The promissory notes total approximately $24.4 million from 326 investors in BlueHub Loan Fund, its certified CDFI, and $37.1 million from 317 investors in SUN, its foreclosure relief initiative. Individuals, family offices and foundations represent an important source of investment for BlueHub Capital but only a portion of BlueHub’s overall investment dollars.

“We aggregate all that capital, we assure we have good reserves so that everyone’s money is safe … [and] we go out and underwrite projects all over the country,” Cherry said. “When we find projects that are consistent with the needs of the community they’re located and everybody wants it — [and] we think we can underwrite it in a way that gives us a good financial base — then we lend the money and those projects get built.”

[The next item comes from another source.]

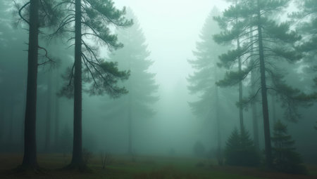 A serene misty forest landscape featuring tall pine trees enveloped in fog. The atmosphere is tranquil, showcasing nature's mysterious beauty and depth.

Cherry gave a couple of examples of projects that have been built through BlueHub’s funds.

Swift Factory

BlueHub contributed a suite of four loans totaling $16.8 million to Community Solutions Inc. to support the rehabilitation of the Swift Factory complex in Northeast Hartford, Connecticut.

The project will transform three vacant buildings into 86,000 square feet of commercial and community space.

“The Swift Factory used to be a gold leaf factory. It was sitting there … being unused,” Cherry said. “It becomes an income and energy generator for a community that has known this as nothing.”

The revitalization project is designed to provide local residents healthy food and good jobs that pay living wages in an area that was designated a federal Promise Zone in 2015.

Major tenants for the new buildings include Fresh Box Farms, a hydroponic farm that produces leafy greens; Bears BBQ food production and processing, which supplies local BBQ restaurants; and CSI.

The renovation also features space for three or four nonprofit tenants and a food incubator space that could support as many as 10 food production businesses.

Gestalt Community Schools

In November 2018, BlueHub Loan Fund approved a $7.7 million loan to Gestalt Community Schools, a nonprofit charter management organization in Memphis.

Founded in 2008 with a vision of integrating the school community with the broader community, Gestalt Community Schools currently operates two elementary schools and two middle schools, all of which filter into one high school.

The school system predominantly serves African American students, the majority of whom qualify for free and reduced price lunch.

In 2017, BlueHub made its first loan to the school, which at the time allowed it to move three of its schools onto one campus.

The school will use this second loan to build out a new ninth grade academy, which will alleviate space pressure in the high school allowing it to grow to full capacity, and to build out a new facility to serve K-5 students currently off site in aging modular units.